Рано или поздно справедливость восторжествовала: моему другу позволили провести пару ночей в отеле. Отведенная Алешке комната с розовыми обоями в цветочек и огромной кроватью стала ему временным прибежищем. Этакий бутафорский рай породил соответствующие мечты и фантазии. Вперив взгляд в галюциногенные розовые цветочки на обоях, мы с Алешкой мечтали о будущем.

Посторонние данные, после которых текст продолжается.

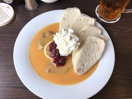 Wir hatten reserviert und haben einen schönen Tisch zugewiesen bekommen. Wir wurden sehr zügig und sehr freundlich bedient. Es gibt tschechisches Bier und Schnäpse, sowie div. alkoholfreie Getränke. Die Karte ist groß und ausreichend, es gibt trationelle und moderne tschechische Küche, kleine Gerichte, Suppe, Hauptspeisen, Fisch und Dessert. Die Karte kann komplett auf der Website angeschaut werden. Wir hatten Knoblauchsuppe, Schnitzel mit Pilzsoße und Böhmischen Knödeln und Rinderbraten auf Sahnesoße mit Böhmischen Knödeln. Die Portionen waren sehr groß, schön heiß und appetitlich angerichtet. Es war absolut lecker, ich wüsste nichts auszusetzen. Die Knoblauchsuppe war richtig gut, mal was ganz anderes, die Kompi aus Brühe mit Fleisch, Käse und frischem Knoblauch kannte ich so noch nicht. Der Braten war zart und weich, die Sahnesoße sehr lecker, die Knödeln perfekt. Das Schnitzel war riesig, das Fleisch etwas dicker und die Pilzsoße einfach genial. Die Preise sind absolut fair, das Preisleistungsverhältnis stimmt. Top 5 Sterne, tschechische Küche mal was anderes,...

Как мы могли бы ездить по земному шару на маленьком «Рено», жить то там, то здесь — везде и нигде, счастливые и свободные… Азарт бродяжничества воспалил наши умы, как и песни любимого Алешкой Леонарда Коэна, пластинку которого он мне подарил. «Давай сбежим! — мечтательно предложил мне Алешка. — Посадим тебя в машину и махнем через границу, слабо?» Я задумалась: «А кино как же? Надо досняться». Теперь задумался он: «Да, нехорошо ребят подводить… А то б махнули в Голливуд, вставили бы зубы с бриллиантовой крошкой… но картину бросать нельзя…» Вот что значит дети кинематографистов — цеховая солидарность взяла верх над личными интересами.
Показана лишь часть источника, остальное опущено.